A forced, damped harmonic oscillator is a fundamental model in classical mechanics that describes how a system, like a mass on a spring, responds when subjected to an external driving force while also experiencing friction. The core equation of motion is the second-order linear differential equation: m * d²x/dt² + b * dx/dt + k * x = F₀ * cos(ω_d * t). Here, m is the mass, b is the damping coefficient, k is the spring constant, F₀ is the amplitude of the driving force, and ω_d is its angular frequency. The simulator solves this equation in real-time, visually plotting the displacement x(t) versus time. Initially, the motion is a superposition of the transient solution—which depends on initial conditions and decays exponentially due to damping—and the steady-state solution, which persists as long as the driving force is applied. The steady-state response is sinusoidal with the same frequency as the driver, ω_d, but with a phase lag φ: x_ss(t) = A(ω_d) * cos(ω_d * t - φ). The key learning outcome is exploring the resonance curve, A(ω_d). The amplitude A peaks sharply when the driving frequency ω_d approaches the system's natural frequency ω₀ = √(k/m), provided damping is light.

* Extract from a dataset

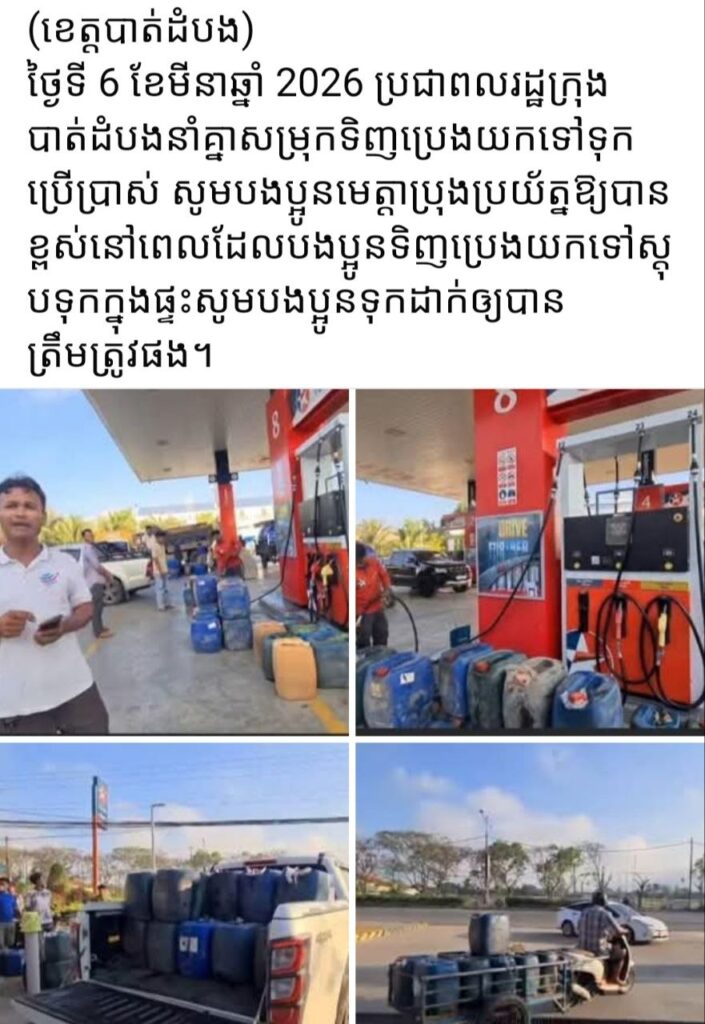 ប្រជាពលរដ្ឋរស់នៅក្នុងក្រុងបាត់ដំបងបានបង្ហើបឲ្យដឹងថា÷ នៅព្រលប់ថ្ងៃទី ០៦ ខែមីនា ម្សិលមិញលោកបានទៅចាក់ប្រេងសាំងនៅក្រុមហ៊ុនកាល់តិចចំនួន ២កន្លែង ត្រូវអ្នកលក់ប្រាប់មកថាមានតែប្រភេទប្រេងសាំងហ្គោលប៉ុណ្ណោះលក់ក្នុងតម្លៃ ៤ ៧០០រៀលក្នុងមួយលីត្រ ការប្រកាស់ដាក់លក់នេះមិនដឹងថាជាចេតនាភូតភ ឬជាការពិតទេ ខណ:បងប្អូនប្រជាពលរដ្ឋជាច្រើនកុះករសម្រុកចូលចាក់ទាំងរថយន្ត ទាំងម៉ូតូ និងគោយន្ត។

The simulator allows users to adjust parameters like m, k, b, F₀, and ω_d to observe how each affects the transient behavior, the steady-state amplitude, the sharpness of resonance, and the phase relationship between driver and oscillator. Simplifications include assuming linear damping (viscous drag proportional to velocity) and a perfectly sinusoidal driving force. This model is a cornerstone for understanding phenomena from the tuning of radio circuits to the vibration absorption in mechanical engineering.

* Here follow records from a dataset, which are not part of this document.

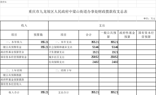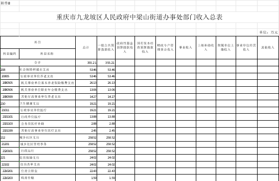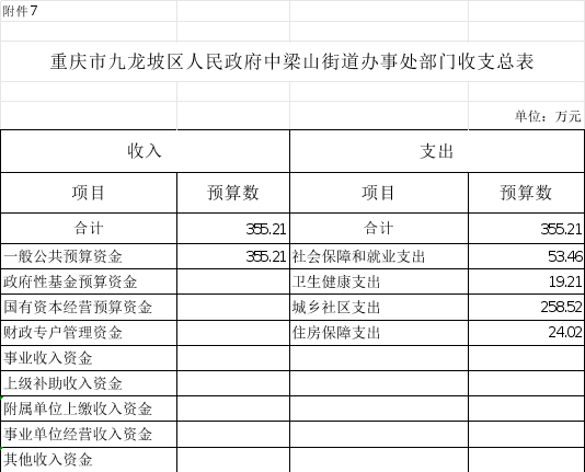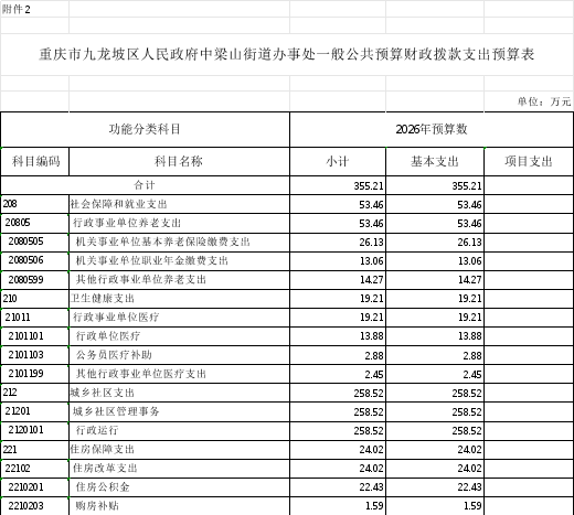 2026年一般公共预算财政拨款收入355.21万元,一般公共预算财政拨款支出355.21万元,比2025年增加77.16万元。其中:基本支出355.21万元,比2025年增加77.16万元,主要原因是人员待遇变动导致人员经费变动。主要用于保障管理重庆市九龙坡区城市管理综合行政执法支队中梁山街道大队在职人员工资福利及社会保险缴费,离休人员离休费,退休人员补助等,保障单位正常运转的各项商品服务支出;项目支出0万元,比2025年增加0万元。
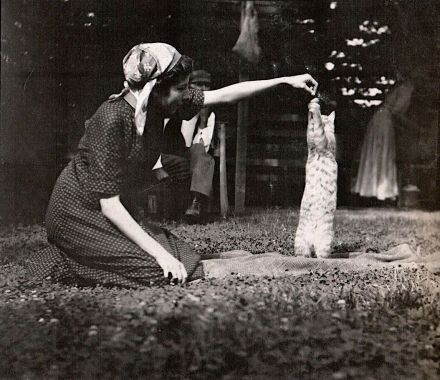 I prefer the earlier card somewhat and it is more than the cat show reference. The composition with the additional sign is a bit better and somehow holding the dog, and even the patterned floor, make it more dynamic. She has a bit of a smile in the first shot and a hat full of flowers – the hat in today’s card notably appears to have a whole bird on it. She wears a different fur trimmed jacket in both.
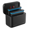 Telesin SO-BCG-03-TIS to dwukanałowa ładowarka zaprojektowana specjalnie dla akumulatorów przeznaczonych do pracy z kamerą Insta360 X3. Urządzenie pozwala na jednoczesne ładowanie dwóch ogniw, zapewniając błyskawiczne uzupełnienie energii – nawet w 65 minut (przy zasilaniu 12 V / 2 A lub wyższym). Dzięki wsparciu dla standardu Power Delivery 3.0 i inteligentnemu zarządzaniu mocą ładowarka automatycznie optymalizuje prędkość ładowania, stawiając na pierwszym miejscu te ogniwa, które najbardziej potrzebują uzupełnienia energii.

Who it's for: Undergraduate physics and engineering students studying classical mechanics, oscillations, and differential equations.

Key terms

Damped Harmonic Oscillator
Resonance
Driving Force
Natural Frequency
Transient Response
Steady State
Amplitude
Phase Lag

Live graphs

How it works

A damped harmonic oscillator driven by a sinusoidal force shows transient motion followed by steady oscillations at the drive frequency. The steady-state amplitude versus drive frequency peaks near the natural frequency ω₀ = √(k/m); damping broadens and lowers the peak. The analytic amplitude uses the standard harmonic-steady formula; numerical integration (RK2) shows the same long-time behavior after transients decay.

Key equations

mẍ + bẋ + kx = F₀ cos(ωt)

A = (F₀/m) / √((ω₀² − ω²)² + (bω/m)²) · ω₀² = k/m

Frequently asked questions

Why does the oscillation amplitude eventually become constant, even with damping?: The damping force continuously dissipates energy, but the external driving force does work on the system, inputting energy. After an initial transient period, a balance is reached where the energy input per cycle from the driver exactly equals the energy lost per cycle to damping. This results in a steady-state oscillation with constant amplitude.
What is the difference between the natural frequency and the resonant frequency?: The natural frequency, ω₀ = √(k/m), is the frequency at which the system would oscillate if there were no damping or driving force. The resonant frequency, ω_r, is the driving frequency at which the steady-state amplitude is maximum. For light damping, ω_r is very close to ω₀, but for heavier damping, ω_r is slightly lower than ω₀.
How does increasing the damping affect the resonance curve?: Increasing the damping coefficient (b) broadens the resonance peak and reduces its maximum height. A heavily damped system has a large range of driving frequencies that produce a significant response, but the maximum amplitude at resonance is much smaller. In contrast, light damping produces a very tall, narrow peak, indicating a more selective and dramatic resonance.
Can this model describe a child being pushed on a swing?: Yes, it's an excellent analogy. The swing is the oscillator (with a natural frequency), air resistance provides damping, and the pushes are the periodic driving force. To maximize amplitude (resonance), you must push at the swing's natural frequency. The model simplifies the push to a perfect cosine force, whereas a real push is a brief impulse, but the overall resonance phenomenon is the same.